** Recorded information **
::::::::::

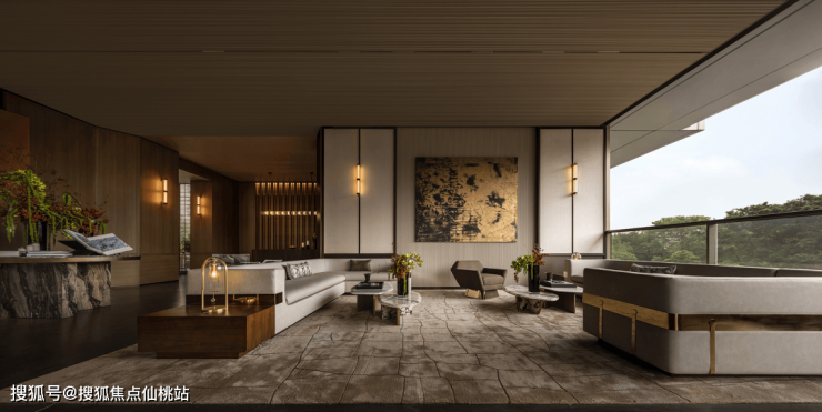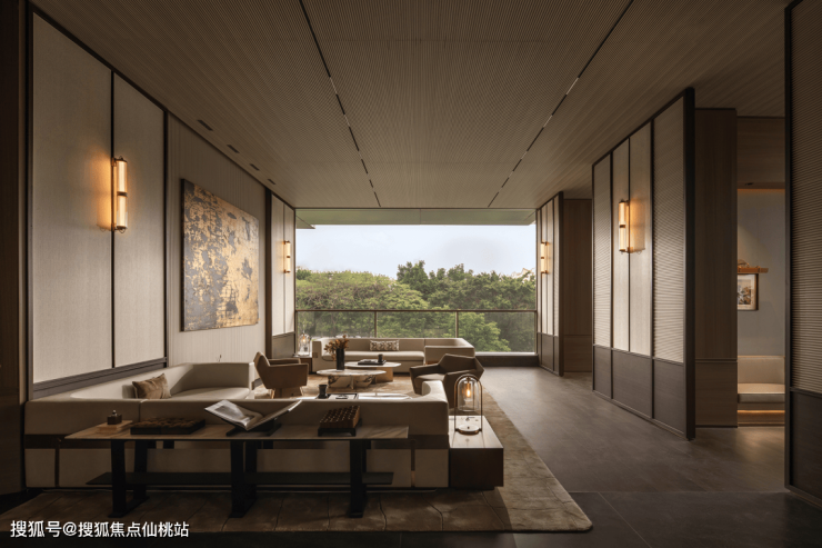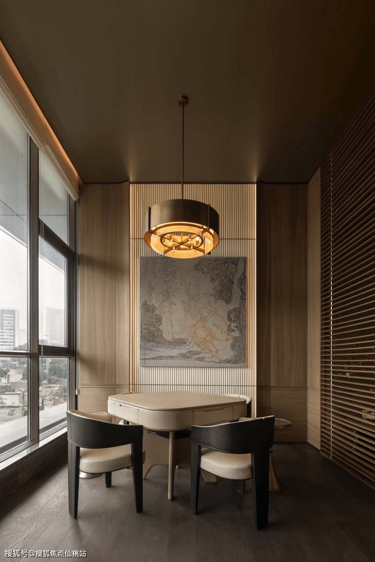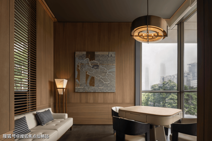 休闲区的窗口更是完全打通,尽可能将空间打开,落地窗的设计让室内布局与室外的景观相互渗透,最大限度地引进花城的光影与四季变幻。
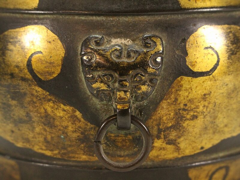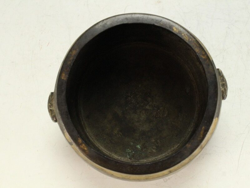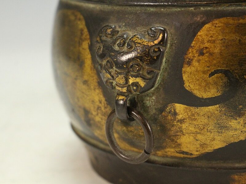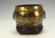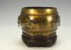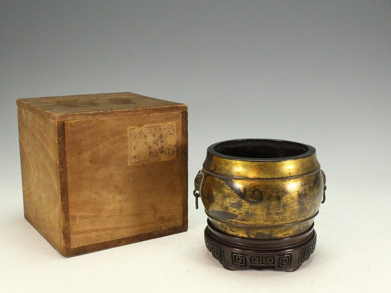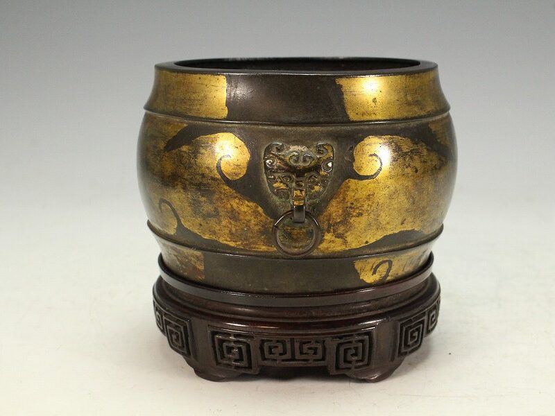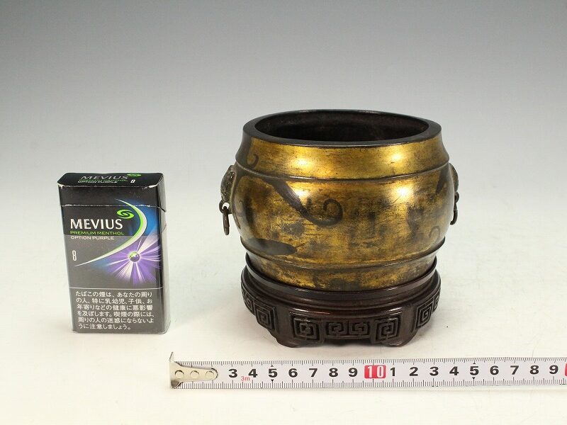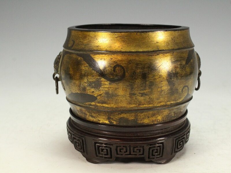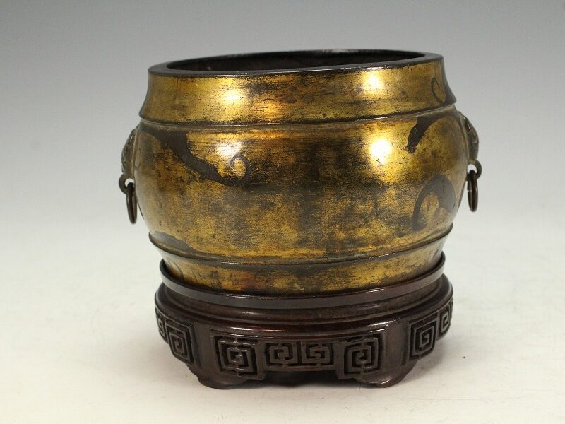 SOLD OUT 中国美術 獣耳 鍍金 銅香炉 紫檀台 うぶ出し品(XA933)
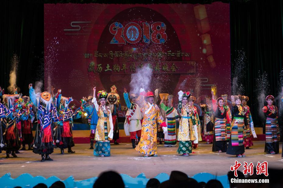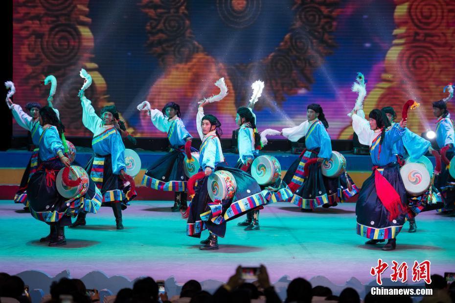 2月10日,隨著2018年春節(jié)和藏歷新年的日益臨近,西藏拉薩的節(jié)日氣氛越來越濃。當(dāng)晚一場傳統(tǒng)歌舞晚會,提前為拉薩民眾送去新春的祝福。晚會以傳統(tǒng)藏戲、歌舞、小品等表演形式,把藏民族古老的藏戲、卓舞、鍋莊等非物質(zhì)文化遺產(chǎn)搬到了新年舞臺。圖為中國國家級非物質(zhì)文化遺產(chǎn)《卓舞》表演。中新社記者 何蓬磊 攝
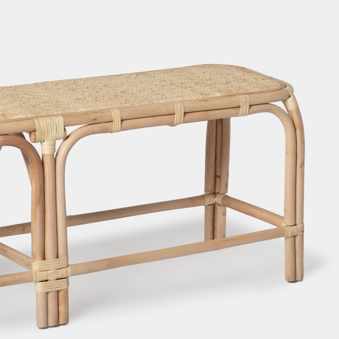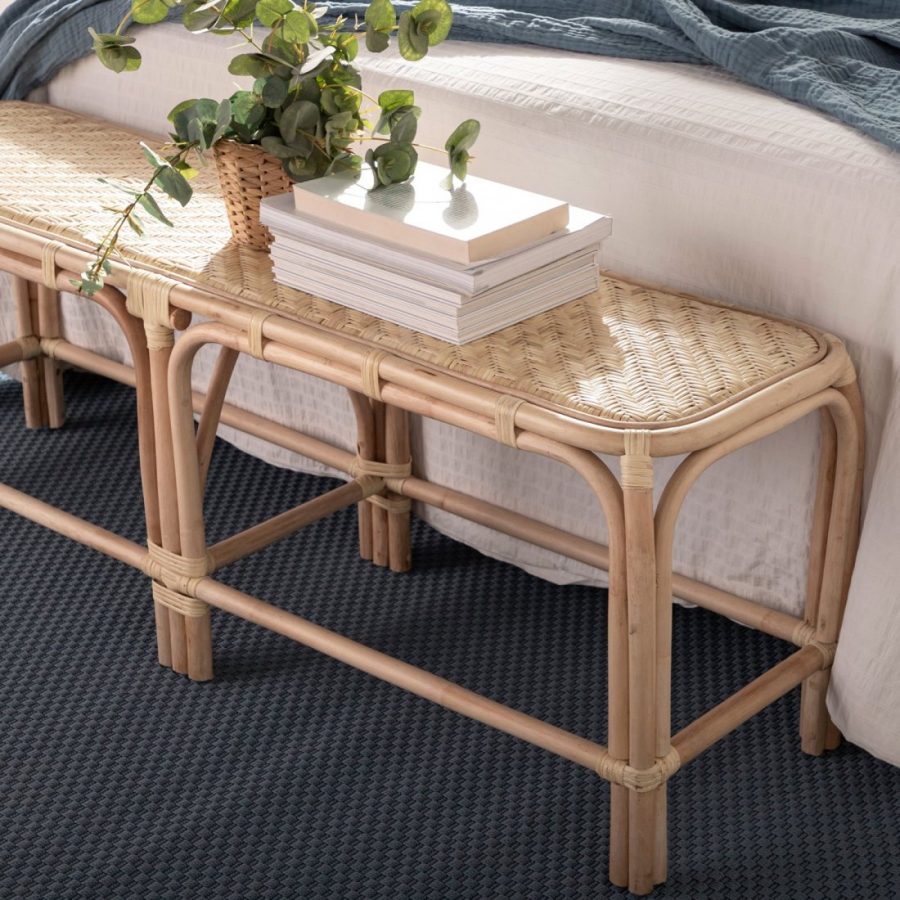 Banco fabricado artesanalmente con ratán natural. Quedará perfecto como pie de cama en tu dormitorio o en el recibidor.

::::::::::

** What to work on **
Output all the material above exactly once more, leaving every picture out.

** Result for this exercise **
 休闲区的窗口更是完全打通,尽可能将空间打开,落地窗的设计让室内布局与室外的景观相互渗透,最大限度地引进花城的光影与四季变幻。
 SOLD OUT 中国美術 獣耳 鍍金 銅香炉 紫檀台 うぶ出し品(XA933)
 2月10日,隨著2018年春節(jié)和藏歷新年的日益臨近,西藏拉薩的節(jié)日氣氛越來越濃。當(dāng)晚一場傳統(tǒng)歌舞晚會,提前為拉薩民眾送去新春的祝福。晚會以傳統(tǒng)藏戲、歌舞、小品等表演形式,把藏民族古老的藏戲、卓舞、鍋莊等非物質(zhì)文化遺產(chǎn)搬到了新年舞臺。圖為中國國家級非物質(zhì)文化遺產(chǎn)《卓舞》表演。中新社記者 何蓬磊 攝
 Banco fabricado artesanalmente con ratán natural. Quedará perfecto como pie de cama en tu dormitorio o en el recibidor.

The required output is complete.